There usually isn’t.  All the test prep books use very similar tactics and techniques but rename them and package them to sound different from the competition.  This is pretty much what you would expect, isn’t it?  After all, there are big bucks to be made, and I’m not the only one with access to a book store.

Which SAT or GRE prep book should you buy? The one you’ll use. One recent study compared different methods of test prep to see how much of an average increase in score each method gave.  The best method of test prep was individual tutoring, followed by taking a prep class. Pulling up the ignominious rear of the prep pack was … (drum roll, please) buying a test prep book.

Buying a book earned a whopping average increase of ZERO points.  My personal theory–which was not explored in the dry-as-a-dead-camel academic study–is that those who purchased a book probably spent more time deciding which book to buy than in actually studying it.  So the moral is, buy a book you will actually use, then use it.

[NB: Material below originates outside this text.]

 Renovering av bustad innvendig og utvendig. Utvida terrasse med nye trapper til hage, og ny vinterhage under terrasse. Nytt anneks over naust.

Book-store-of-your-choice to the rescue!  Go through several prep books and see which is most appealing to you.  Do you enjoy reading phone books? Peterson’s is probably the book for you.  Juvenile humor more your line?  Try Up Your Score (SAT only).  Parents, the Up Your Score book is thin enough and entertaining enough that your teenager might actually read it.  Prayer is also helpful in this regard.

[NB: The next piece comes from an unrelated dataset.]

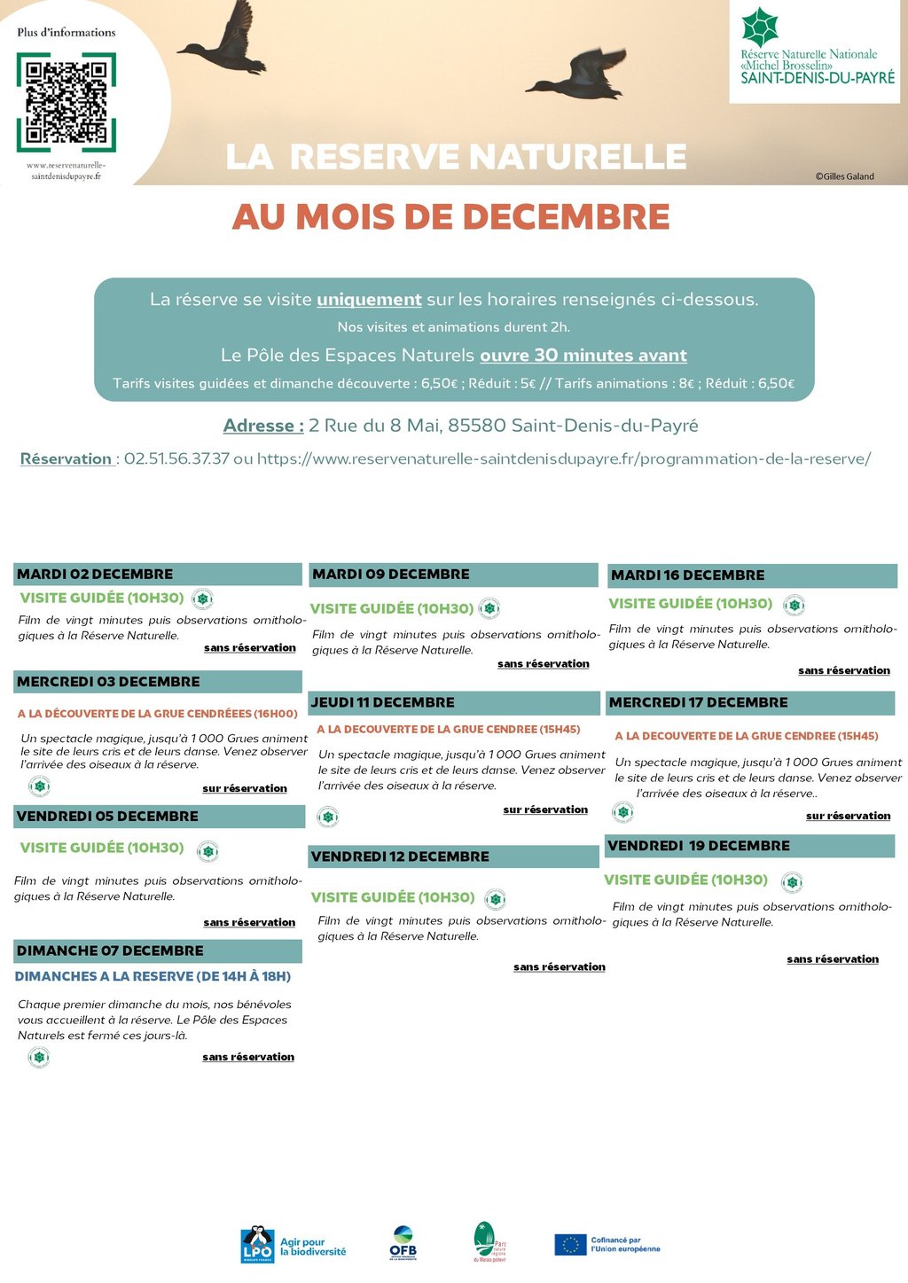 - Ci-joint le programme du mois de décembre de la RNN, Michel Brosselin (voir au dos)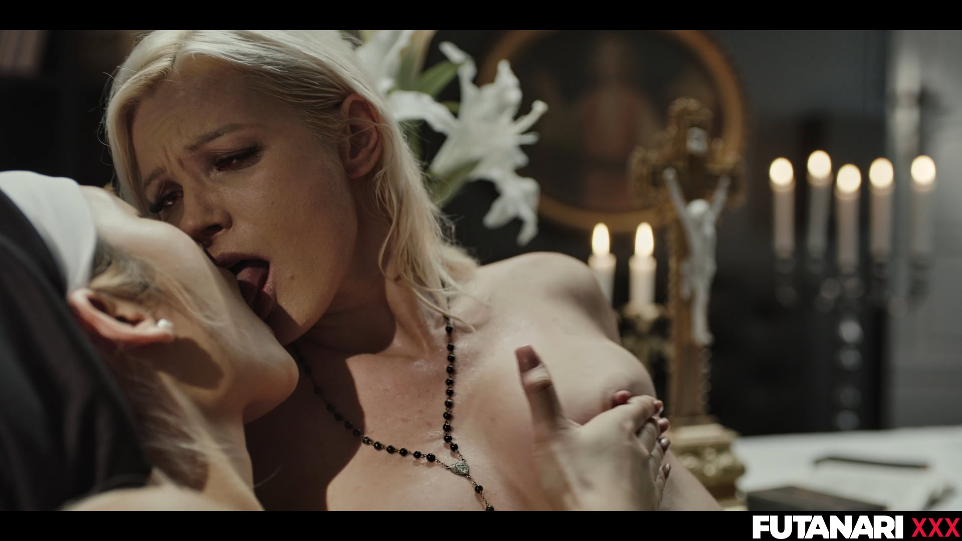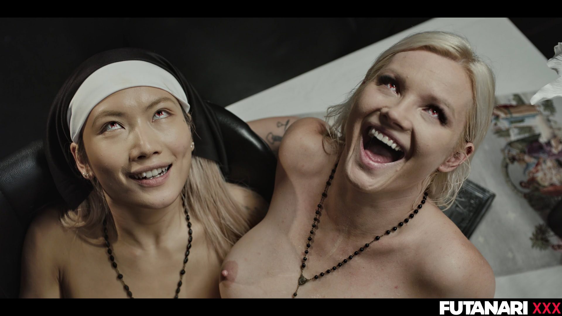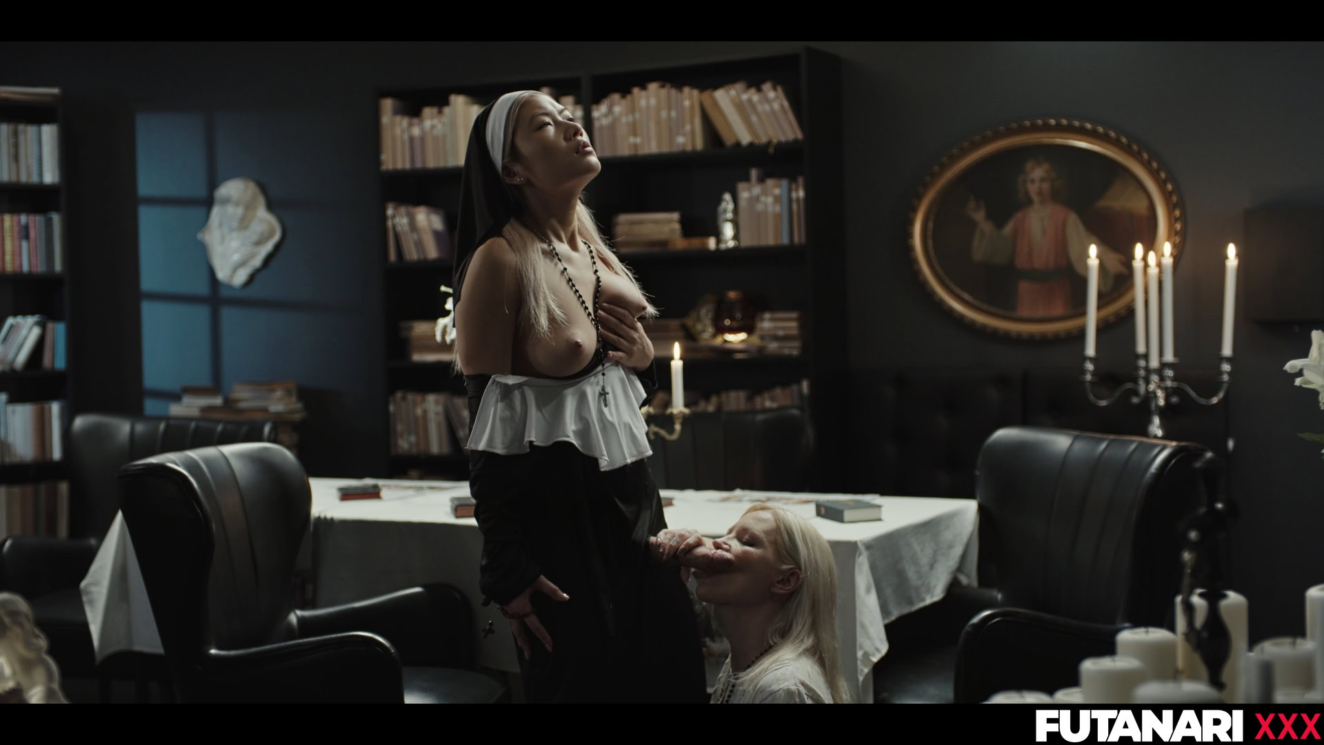 Sister Mary is awoken in the dead of night by Sister Lydia in the middle of prayer. In a sudden violent turn, Sister Lydia succumbs to a mysterious power that transforms her vagina into a throbbing cock. Believing this to be a blessing of the lord, Sister Lydia embraces her new body, seducing Sister Mary into having sex with her. The more they relish in their pleasure, the more sinful ... Read More

My personal prep book picks?

For the GRE I lean towards Princeton Review’s book.  It’s easy to read and covers almost everything but not in so much detail that you’ll be overwhelmed.  Save your money and skip the version with the marginally useful DVD.  Princeton’s book will give you most of the tricks and a basic coverage of content.  It’s light on samples and practice problems but there’s so much free stuff out there in web world that you won’t have much trouble supplementing.  They also leave you in the same lurch as all the other books by telling you to learn a loooooong list of new vocabulary (quotidian, anyone?) without telling you how to go about doing that.  Check out this link for remedies to this shortcoming, as well as my various study methods (do a search on this blog for flash cards, stacks, memory, etc.).

For the SAT I use a combination of the Barron’s book and College Board’s practice SAT book.  The Barron’s book takes an everything-but-the-kitchen-sink approach.  They could probably get rid of two thirds of the book, and none but the most assiduous scholars would miss it.  But the sections are solidly arranged and cover all the major techniques.  Careful on their practice/sample math problems.  They seem quite a bit tougher than the actual SAT problems.  Better too hard than too easy, I suppose, but many students may get discouraged if they don’t realize that.  On the other hand, their vocabulary list is very thorough as is their coverage of the math.  I use the College Board book for actual practice problems because they are the genuine article; actual SAT tests.  You can pretty much chunk the first half of the book, however, since it’s a too-basic review of the SAT content and that’s what the Barron’s book is for.

Those are the books I prefer, but to each his own.  Again, since they all cover pretty much the same techniques, go with what feels best.  Do beware, however, prep books are notorious for designing shoddy practice/sample questions that aren’t very close to the real test.  Rely on the College Board’s online materials and aforementioned book for realistic SAT questions.  For the GRE look to practice problems and tests on gre.org and released versions of the old paper-based GRE.